Bremser is gathering support from Lower Cape selectmen and residents to pressure Congress to authorize an official study of gray seals to see whether their numbers and activities in Cape waters - there is also a colony on Muskegat Island off Martha's Vineyard - are impacting the environment negatively.
So far, Chatham and Eastham selectmen have endorsed Bremser's call for research. He plans to make his case before the Orleans board next week, and will go to boards in Harwich, Wellfleet and Provincetown in coming weeks.
The Cape Hook Fishermen's Association ''strongly supports'' Bremser's quest, Tom Rudolph, research director for the group, told Eastham selectmen Monday.
Federal scientists would welcome more money for research but funding is scarce, said Gordon Waring, fisheries research biologist at National Marine Fisheries Service in Woods Hole.
In Chatham, there is cautious support for a research project, said David Whitcomb, chairman of the selectmen. In an effort to protect endangered shorebirds, the town has been the site of federal wildlife removal projects over the past 10 years that have resulted in the deaths of gulls and coyotes.
''Obviously, there's sensitivity over this,'' Whitcomb said. ''But the way (Bremser's) going about it, with a study, seems to make sense.''
The gray seal population has ''without question'' increased, said Chatham Harbor Master Stuart Smith. He hears from angry fishermen as well as satisfied tourists and seal-watch business owners, who enjoy seeing the 600- to 1,000-pound seals with the distinctive horselike head. ''I think a study is more than warranted,'' he said.
Any government study of gray seals on Cape Cod needs to include colonies in Maine and Nova Scotia as well, according to seal expert James Gilbert of the University of Maine in Orono. The seals that started staying year-round on Cape Cod in the late 1980s are from the same population that inhabits Sable Island in Canada and off the Maine coast, he said.
The diet of gray seals varies greatly, depending on what is available, Gilbert said.

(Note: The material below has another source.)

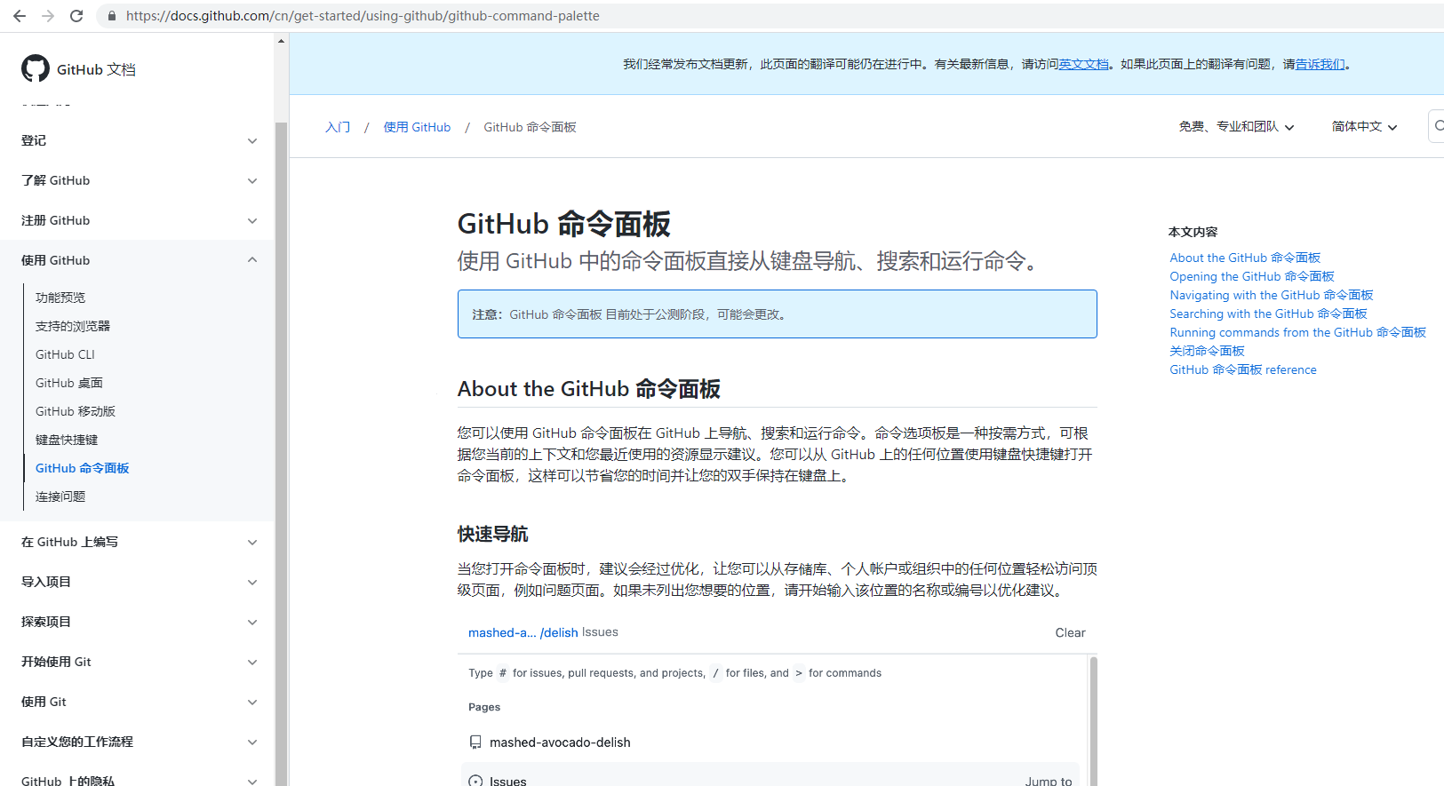 https://docs.github.com/cn/get-started/using-github/github-command-palette

The average seal will eat about 5 pounds of fish a day and venture up to 50 miles in search of food, he said. Sand eels, which are plentiful off Monomoy Island, are a gray seal favorite.
Federal regulations have cut the number of days fishermen can catch fish, but on days when they can fish, it is common for a cod fishing boat to haul in about 800 pounds of fish a day.
Canadian research shows that the Sable Island gray seal population has been growing at a rate of about 13 percent a year, but a recent research paper based on the 2004 pupping season showed the population's growth rate had slowed to about 7 percent, Waring said.
Cape Cod fishermen are not alone in their fear of competition from gray seals, according to Waring. Several European countries, including Sweden and Norway, have culling programs. Canada allows 10,400 gray seals to be taken by hunters in Nova Scotia and the Gulf of St. Lawrence, according to the Canadian Department of Fisheries and Oceans Web site.
Beyond competition, another concern fishermen have about the seals is that the animals are carriers of cod worms, a parasite that can infect commercial fish species. Fish are infected through the scat of seals. No study has ever shown a relationship between the size of a seal population and a cod worm infestation, according to Gilbert.

tynan19
09-22-2006, 11:16 AM
I didn't realize how bad it was down on Nauset till this past weekend. A group of 5 seals would follow us up and down the beach sometimes going after our plugs. Down at Chatam Inlet it was ridiculous. You couldn't even fish with the amount of seals in the water. Gets a little scary when they come sneaking up behind you in the dark and growl.

Karl F
09-22-2006, 11:20 AM
Casey.. U should see the picture on the Front page of the print copy of the CC times, taken at Chatham Inlet.. ya can barely see the sand for all the sea rats..
And they, like the Plovers, have more "rights" than people.. friggin sad,...a sorry comment on todays PC mindset society.

Slipknot
09-22-2006, 11:23 AM
Casey.. U should see the picture on the Front page of the print copy of the CC times, taken at Chatham Inlet.. ya can barely see the sand for all the sea rats..
And they, like the Plovers, have more "rights" than people.. friggin sad,...a sorry comment on todays PC mindset society.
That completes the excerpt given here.